Concurrency: An Overview

Introduction to Concurrency

Concurrency: Doing more than one thing at a time.

Examples: End-user applications use concurrency to respond to user input while writing to a database. Server applications use concurrency to respond to a second request while finishing the first request.

Multithreading: A form of concurrency that uses multiple threads of execution.

Parallel Processing: Doing lots of work by dividing it up among multiple threads that run concurrently.

Parallel processing is one type of multithreading, and multithreading is one type of concurrency.

Asynchronous Programming: A form of concurrency that uses futures or callbacks to avoid unnecessary threads.

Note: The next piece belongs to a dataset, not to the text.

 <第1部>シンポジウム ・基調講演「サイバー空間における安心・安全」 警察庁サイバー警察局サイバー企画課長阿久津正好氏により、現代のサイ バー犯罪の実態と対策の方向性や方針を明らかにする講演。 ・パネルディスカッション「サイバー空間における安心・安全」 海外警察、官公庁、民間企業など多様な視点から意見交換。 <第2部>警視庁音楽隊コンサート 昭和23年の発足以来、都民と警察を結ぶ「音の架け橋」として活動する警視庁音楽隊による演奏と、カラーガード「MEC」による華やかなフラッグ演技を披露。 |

A future (or promise) is a type that represents some operation that will complete in the future. The modern future types in .NET are Task and Task<TResult>.

Reactive Programming: A declarative style of programming where the application reacts to events.

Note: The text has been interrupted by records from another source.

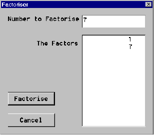 |  | Enter any whole number up to 13 digits long (one less than 10 million million or 10 trillion in USA and 10 billion in Britain, France and German), press the factorise button and all the factors are listed in the list box bellow the number entered.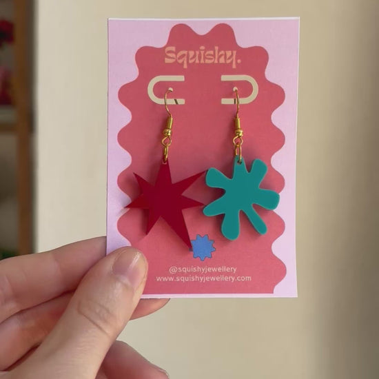 Red and Blue Kiki Bouba Earrings Linguistics Inspired Abstract Acrylic Cognitive Science Jewelry Mismatched Statement Gifts Memphis Milano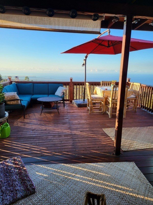 HUGE PRICE REDUCTION GREAT PRICE!! A private resort style living on 1 Acre with a 1 bedroom, 1 bath octagon style home with spectacular ocean views and amazing sunsets. The open living floor plan with a 8 to 12 foot ceiling including a custom cupola with windows to keep the home cool. Glass double doors looking out from the living room and bedroom straight to the blue ocean. Great indoor, outdoor living onto the large open deck while enjoying the cool ocean breeze relaxing enjoying the great views.

Introduction to Asynchronous Programming

Modern asynchronous .NET applications use two keywords: async and await. The async keyword is added to a method declaration, and its primary purpose is to enable the await keyword within that method. An async method should return Task<TResult>. if it returns a value, or Task if it does not return a value.

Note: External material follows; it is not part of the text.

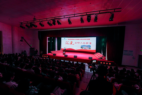 分课堂活动在丽江师范学院带来的原创民族歌剧《桂梅赞》选段《留在大山的人》中拉开序幕。第一篇章“追光——支教者的接力”中,早期支教教师马国发讲述了华坪女高创业维艰时期的感人故事,新时代支教教师刘熙分享了践行教育使命的实践与思考,展现了教育工作者对初心与传承的坚守;第二篇章“沐光——女高人的回响”环节,曾经的女高学生、现任丽江师范学院教师的子梦婷分享了自己从学生到教师这一身份转变过程中的心路历程和学校、老师给予她的深刻影响;刚从华坪女高毕业步入大学的卢荣靖则讲述了带着女高精神开启人生新篇章的憧憬与希望;第三篇章“寻光——研究者的视角”中,秦小健从研究者的角度系统解读了张桂梅教育实践中蕴含的“教育家精神”核心要义与时代价值,为师生提供了深刻的思想启迪;第四篇章“汇光——丽师人的担当”聚焦青年学子的实践行动,学生代表兰宇翔、袁晨益分别结合在丽江市张桂梅师德教育馆的讲解服务和师范生教学实践,分享了将榜样精神转化为具体行动的体会,展现了丽师青年的责任担当。

When you await a task, a context is captured when the await decides to pause the method. This context is the current SynchronizationContext unless it is null, in which case the context is the current TaskScheduler. The method resumes executing within that captured context. Usually, this context is the UI context (if you’re on the UI thread), an ASP.NET request context (if you’re processing an ASP.NET request), or the thread pool context (most other situations).

You can avoid this default behavior by awaiting the result of the ConfigureAwait extension method and passing false for the continueOnCapturedContext parameter.

For ASP.NET Core:

ConfigureAwait only has effects on code running in the context of a SynchronizationContext which ASP.NET Core doesn't have, so the call to ConfigureAwait(false) is redundant and does nothing.

Introduction to Multithreaded Programming

A thread is an independent executor.

Each thread has its own independent stack but shares the same memory with all the other threads in a process.

Every .NET application has a thread pool. The thread pool maintains a number of worker threads that are waiting to execute whatever work you have for them to do.

Collections for Concurrent Applications

Concurrent collections allow multiple threads to update them simulatenously in a safe way. Most concurrent collections use snapshots to allow one thread to enumerate the values while another thread may be adding or removing values.

An immutable collection cannot actually be modified; instead, to modify an immutable collection, you create a new collection that represents the modified collection.